Aim of the exercise | Only an exact repetition is needed: the lines from the start of the listing below through the line that contains "Eine Entwicklung mahnt", pictures omitted.

Recorded information |
· · ·
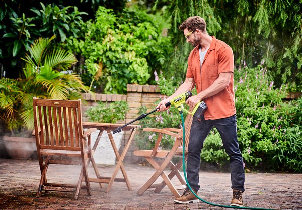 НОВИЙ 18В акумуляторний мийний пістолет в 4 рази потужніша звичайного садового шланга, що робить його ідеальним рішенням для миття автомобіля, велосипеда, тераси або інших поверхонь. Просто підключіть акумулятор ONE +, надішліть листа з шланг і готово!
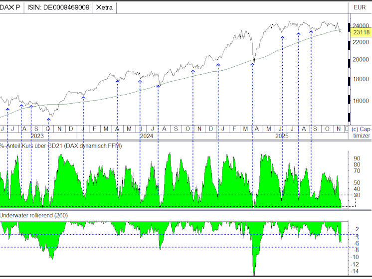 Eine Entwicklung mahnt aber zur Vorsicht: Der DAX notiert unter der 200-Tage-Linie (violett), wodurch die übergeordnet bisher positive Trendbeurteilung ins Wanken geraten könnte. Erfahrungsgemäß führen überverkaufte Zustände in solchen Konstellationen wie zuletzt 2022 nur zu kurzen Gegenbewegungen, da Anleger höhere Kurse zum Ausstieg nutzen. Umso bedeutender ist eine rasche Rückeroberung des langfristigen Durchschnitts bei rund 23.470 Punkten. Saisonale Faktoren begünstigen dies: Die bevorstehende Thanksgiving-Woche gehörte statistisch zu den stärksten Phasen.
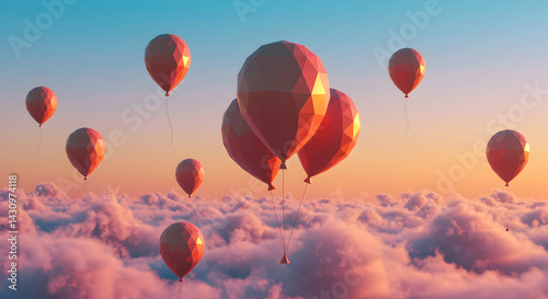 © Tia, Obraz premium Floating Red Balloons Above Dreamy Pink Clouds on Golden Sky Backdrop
· · ·
Solution for this problem |
 НОВИЙ 18В акумуляторний мийний пістолет в 4 рази потужніша звичайного садового шланга, що робить його ідеальним рішенням для миття автомобіля, велосипеда, тераси або інших поверхонь. Просто підключіть акумулятор ONE +, надішліть листа з шланг і готово!
 Eine Entwicklung mahnt aber zur Vorsicht: Der DAX notiert unter der 200-Tage-Linie (violett), wodurch die übergeordnet bisher positive Trendbeurteilung ins Wanken geraten könnte. Erfahrungsgemäß führen überverkaufte Zustände in solchen Konstellationen wie zuletzt 2022 nur zu kurzen Gegenbewegungen, da Anleger höhere Kurse zum Ausstieg nutzen. Umso bedeutender ist eine rasche Rückeroberung des langfristigen Durchschnitts bei rund 23.470 Punkten. Saisonale Faktoren begünstigen dies: Die bevorstehende Thanksgiving-Woche gehörte statistisch zu den stärksten Phasen.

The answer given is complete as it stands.